Washington: Five years after launching the invasion of Iraq, President George W. Bush strongly signalled yesterday that he will not order US troop withdrawals beyond those already planned because he refuses to "jeopardise the hard-fought gains" of the past year.

As anti-war activists demonstrated around downtown Washington and around the country, the President spoke at the Defence Department to mark the anniversary of a war that has cost nearly 4,000 US lives and roughly $500 billion (about Dh1,836 billion).

The President's address was part of a series of events the White House planned around the anniversary and next month's report from the top US figures in Iraq, General David Petraeus and Ambassador Ryan Crocker. That report will be the basis for Bush's first troop-level decision in seven months.

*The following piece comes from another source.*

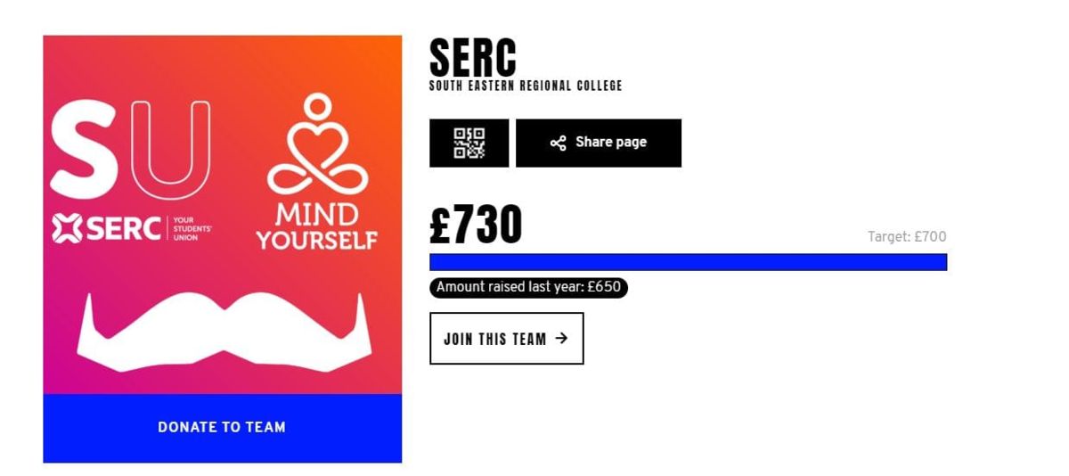 SERC’s Students’ Union in collaboration with Mind Yourself grew moustaches, walked, ran and cycled to raise funds for the charity with the team’s efforts raising a total of £730.

"The battle in Iraq has been longer and harder and more costly than we anticipated," Bush said. But, he added, before an audience of Pentagon brass, soldiers and diplomats: "The battle in Iraq is noble, it is necessary, and it is just. And with your courage, the battle in Iraq will end in victory."

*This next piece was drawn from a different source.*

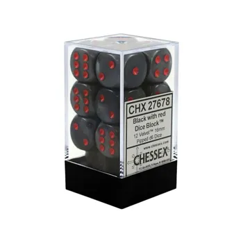 Chessex sada 6-stěnných kostek 16mm –Velvet Black/red (12 ks)

"With the war in Iraq entering its sixth year, Americans are rightly concerned about how much longer our nation must continue to sacrifice our security for the sake of an Iraqi government that is unwilling or unable to secure its own future," the leader of the House of Representatives, Speaker Nancy Pelosi, a Democrat, said.

Bush repeatedly and directly linked the fight there to the global battle against Al Qaida terror network. He said the increase of 30,000 troops that he ordered to Iraq last year has turned "the situation in Iraq around".

He also said that "Iraq has become the place where Arabs joined with Americans to drive Al Qaida out".